Justice of the High Court Division of Bangladesh
- Incumbent
- Assumed office 12 February 2015

Personal details
- Born: 12 July 1955 (age 70)
- Profession: Judge

= S. M. Mozibur Rahman =

Bangladeshi judge

S.M. Mozibur Rahman (born 12 June 1955) is a Bangladeshi justice of the High Court Division. He was appointed in 2015.

== Early life ==
Mozibur Rahman was born on 12 July 1966. He completed a bachelor's of arts and another bachelor's of law.

== Career ==
Mozibur Rahman joined as a district munsif on 22 February 1984.

On 9 May 2007, Mozibur Rahman was promoted to district judge.

On 12 February 2015, Mozibur Rahman was made an additional judge of the High Court Division of Bangladesh Supreme Court.

In January 2017, Mozibur Rahman and Justice Zinat Ara granted anticipatory bail to Afsan Chowdhury, professor of BRAC University, in case filed Masud Uddin Chowdhury. over a Facebook post. Mozibur Rahman became a permanent judge of the High Court Division of Bangladesh Supreme Court on 12 February 2017.

In November 2018, Mozibur Rahman and Justice A. K. M. Asaduzzaman granted bail to former prime minister Khaleda Zia in an arson case filed in Comilla in January 2015.

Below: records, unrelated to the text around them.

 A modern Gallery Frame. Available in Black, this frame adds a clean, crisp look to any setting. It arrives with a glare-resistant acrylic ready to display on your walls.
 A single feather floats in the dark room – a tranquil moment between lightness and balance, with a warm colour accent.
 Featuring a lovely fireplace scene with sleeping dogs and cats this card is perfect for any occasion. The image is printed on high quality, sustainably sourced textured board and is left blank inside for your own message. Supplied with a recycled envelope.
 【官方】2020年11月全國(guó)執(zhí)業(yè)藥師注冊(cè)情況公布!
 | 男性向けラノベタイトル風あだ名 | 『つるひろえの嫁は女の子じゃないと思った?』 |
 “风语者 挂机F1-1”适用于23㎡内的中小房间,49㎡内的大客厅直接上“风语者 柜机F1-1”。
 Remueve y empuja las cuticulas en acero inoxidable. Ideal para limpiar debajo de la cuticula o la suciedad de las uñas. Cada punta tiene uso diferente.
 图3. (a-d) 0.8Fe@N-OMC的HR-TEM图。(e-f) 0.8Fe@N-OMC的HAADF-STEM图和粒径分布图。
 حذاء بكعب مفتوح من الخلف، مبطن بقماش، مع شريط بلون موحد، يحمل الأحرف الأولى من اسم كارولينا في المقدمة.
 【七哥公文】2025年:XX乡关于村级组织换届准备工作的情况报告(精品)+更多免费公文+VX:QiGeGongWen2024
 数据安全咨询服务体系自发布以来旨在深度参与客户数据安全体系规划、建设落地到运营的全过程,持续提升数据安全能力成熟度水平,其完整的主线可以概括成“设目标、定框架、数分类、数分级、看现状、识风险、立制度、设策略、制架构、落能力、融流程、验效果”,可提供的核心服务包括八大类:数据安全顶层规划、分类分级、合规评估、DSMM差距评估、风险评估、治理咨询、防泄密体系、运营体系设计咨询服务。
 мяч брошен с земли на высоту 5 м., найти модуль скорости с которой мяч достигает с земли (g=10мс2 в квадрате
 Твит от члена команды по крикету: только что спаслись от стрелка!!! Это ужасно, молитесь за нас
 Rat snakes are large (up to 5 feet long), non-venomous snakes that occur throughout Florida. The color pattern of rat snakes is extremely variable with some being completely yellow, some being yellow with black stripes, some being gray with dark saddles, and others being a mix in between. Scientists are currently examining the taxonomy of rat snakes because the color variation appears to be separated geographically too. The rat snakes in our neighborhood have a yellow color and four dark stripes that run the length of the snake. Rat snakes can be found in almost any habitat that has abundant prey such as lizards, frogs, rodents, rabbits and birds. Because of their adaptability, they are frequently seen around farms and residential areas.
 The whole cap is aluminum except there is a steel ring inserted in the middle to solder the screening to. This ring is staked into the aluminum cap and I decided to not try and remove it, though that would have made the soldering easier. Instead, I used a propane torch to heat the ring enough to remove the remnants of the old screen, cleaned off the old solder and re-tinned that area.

Mozibur Rahman and Justice A. K. M. Asaduzzaman granted bail to the editor of Amar Desh, Mahmudur Rahman, in a case over making derogatory remarks about Prime Minister Sheikh Hasina and Sheikh Mujibur Rahman.

Mozibur Rahman and Justice A. K. M. Asaduzzaman granted bail to former Awami League member of parliament Amanur Rahman Khan Rana on 14 March 2019 in the 2013 Faruk Ahmed murder case.

On 8 March 2020, Mozibur Rahman and Justice A. K. M. Asaduzzaman cancelled the bail to G.K. Shamim, a well known contractor.

In January 2022, Mozibur Rahman and Justice Md. Habibul Gani refused to grant bail to sister of journalist Kanak Sarwar in a Digital Security Act case.